── Data for this task

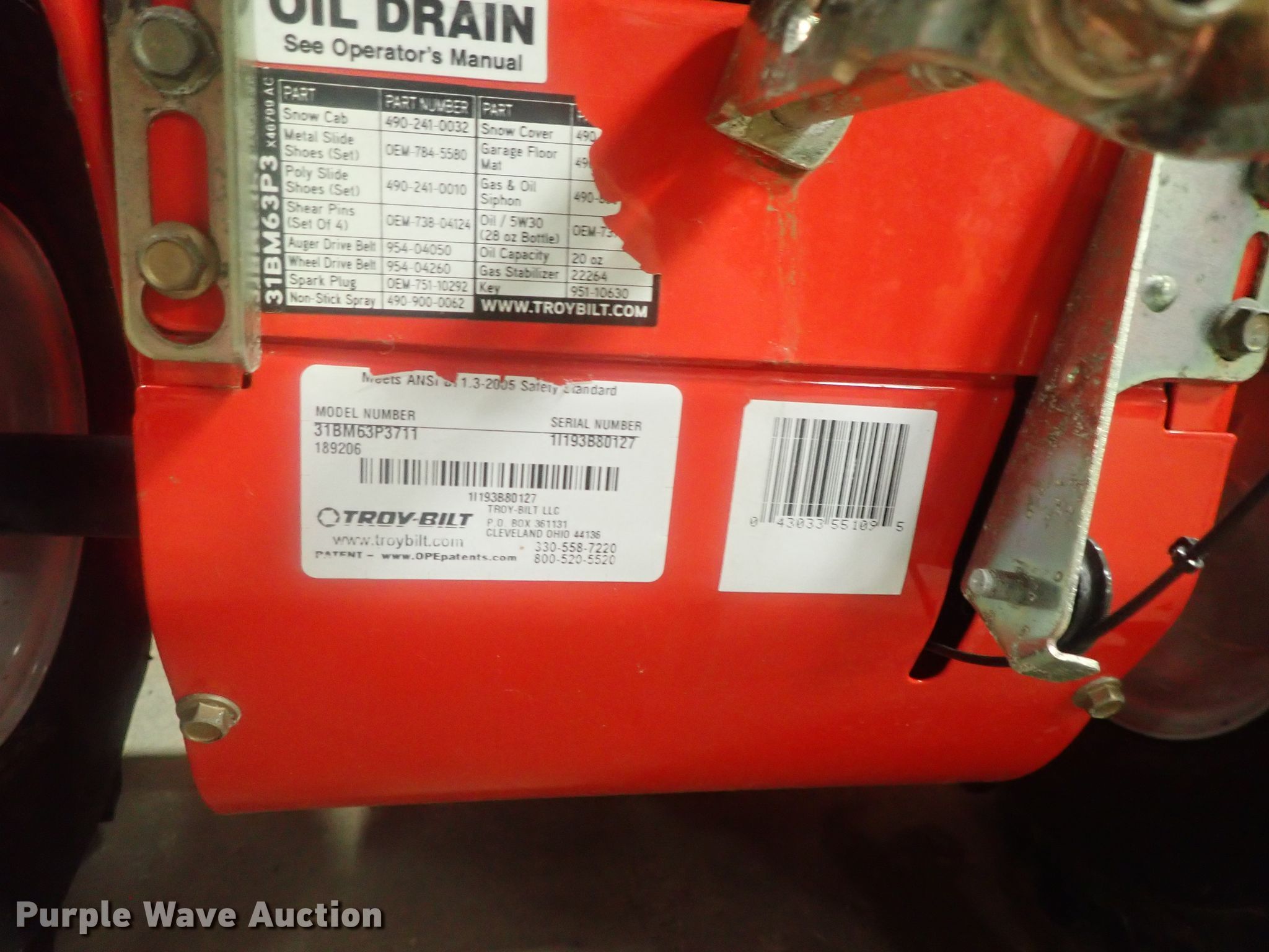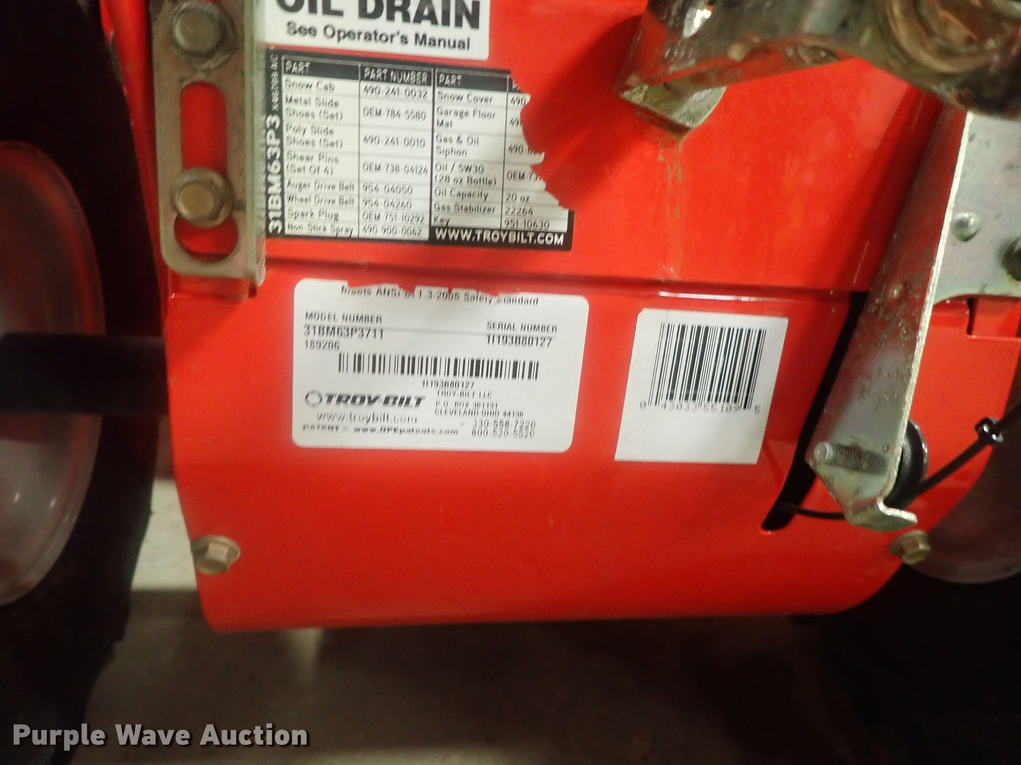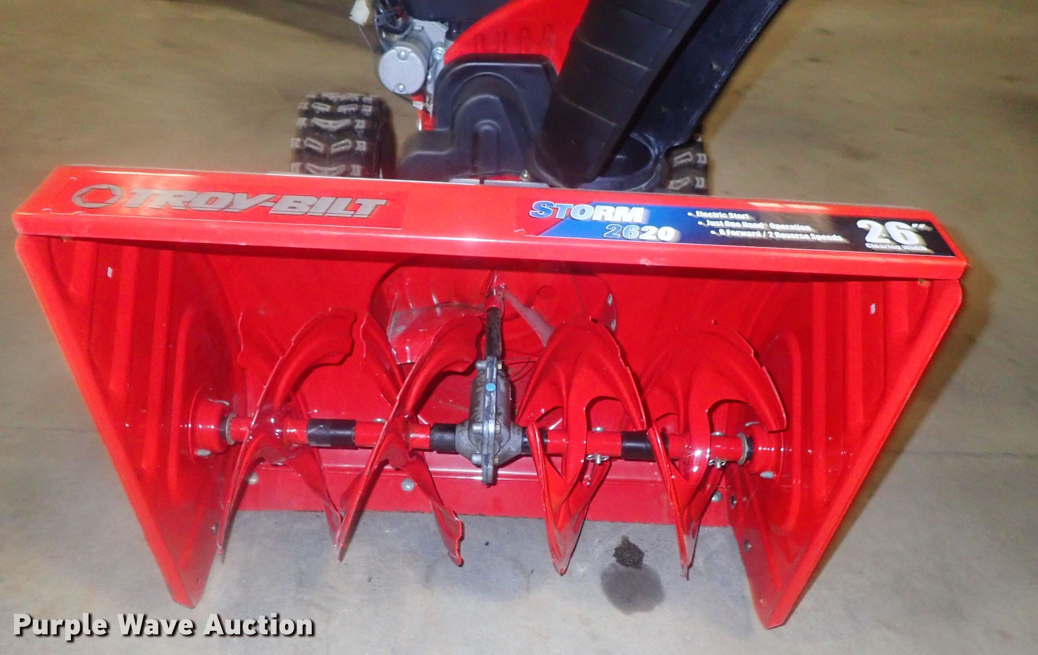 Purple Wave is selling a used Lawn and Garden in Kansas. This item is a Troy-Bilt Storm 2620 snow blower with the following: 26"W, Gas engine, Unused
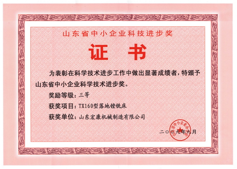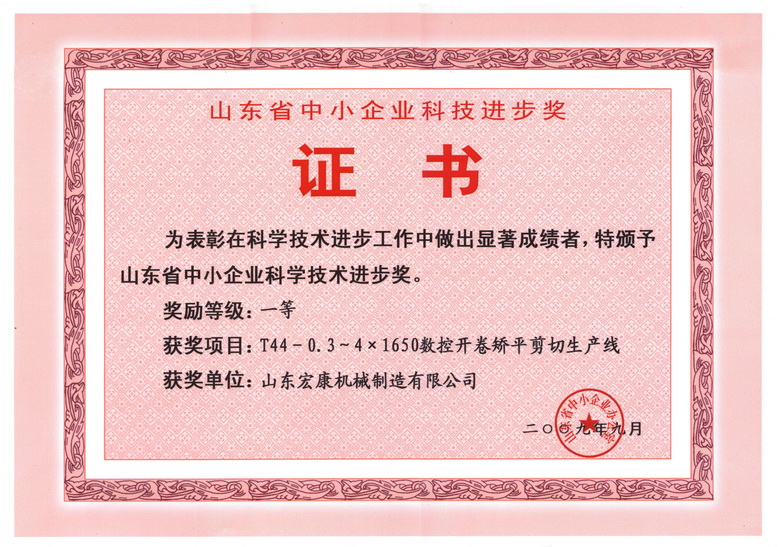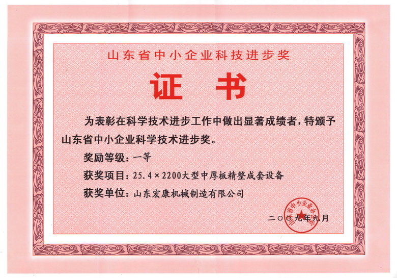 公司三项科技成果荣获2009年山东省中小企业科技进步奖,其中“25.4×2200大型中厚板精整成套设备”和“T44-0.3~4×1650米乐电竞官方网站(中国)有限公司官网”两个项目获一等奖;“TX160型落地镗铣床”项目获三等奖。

────
── Data for this task

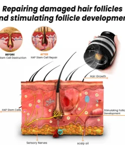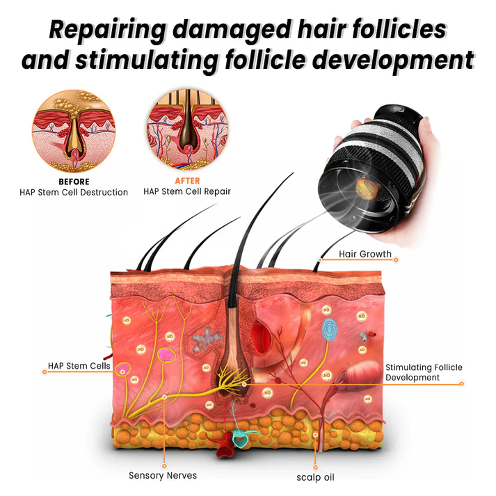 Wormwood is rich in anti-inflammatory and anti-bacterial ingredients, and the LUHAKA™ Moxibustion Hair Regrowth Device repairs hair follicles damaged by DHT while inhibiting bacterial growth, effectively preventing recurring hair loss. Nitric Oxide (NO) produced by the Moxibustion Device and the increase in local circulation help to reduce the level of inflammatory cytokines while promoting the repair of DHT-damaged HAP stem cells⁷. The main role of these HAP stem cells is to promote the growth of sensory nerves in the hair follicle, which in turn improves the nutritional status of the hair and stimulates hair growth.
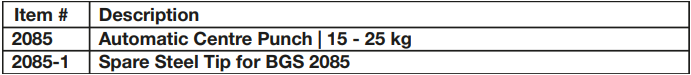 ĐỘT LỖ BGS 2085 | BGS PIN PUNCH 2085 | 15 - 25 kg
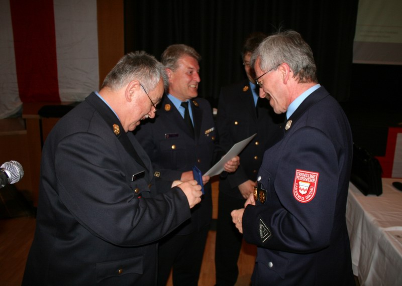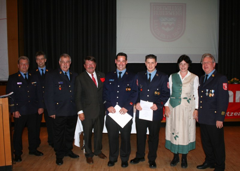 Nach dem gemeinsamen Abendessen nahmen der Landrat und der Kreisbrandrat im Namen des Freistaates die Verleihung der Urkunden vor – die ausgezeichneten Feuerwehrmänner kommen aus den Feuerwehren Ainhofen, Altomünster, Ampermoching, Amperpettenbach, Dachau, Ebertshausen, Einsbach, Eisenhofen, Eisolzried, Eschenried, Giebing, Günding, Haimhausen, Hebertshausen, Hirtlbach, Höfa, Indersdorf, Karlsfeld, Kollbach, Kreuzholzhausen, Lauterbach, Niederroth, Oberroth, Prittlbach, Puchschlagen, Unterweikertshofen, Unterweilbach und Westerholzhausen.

────

**Your assignment:**
Only the lines between the one with "Purple Wave is" and the one with "公司三项科技成果荣获2009", those two included, get copied from the material above. Keep it exact and free of pictures.

**Exercise response:**
 Purple Wave is selling a used Lawn and Garden in Kansas. This item is a Troy-Bilt Storm 2620 snow blower with the following: 26"W, Gas engine, Unused
 公司三项科技成果荣获2009年山东省中小企业科技进步奖,其中“25.4×2200大型中厚板精整成套设备”和“T44-0.3~4×1650米乐电竞官方网站(中国)有限公司官网”两个项目获一等奖;“TX160型落地镗铣床”项目获三等奖。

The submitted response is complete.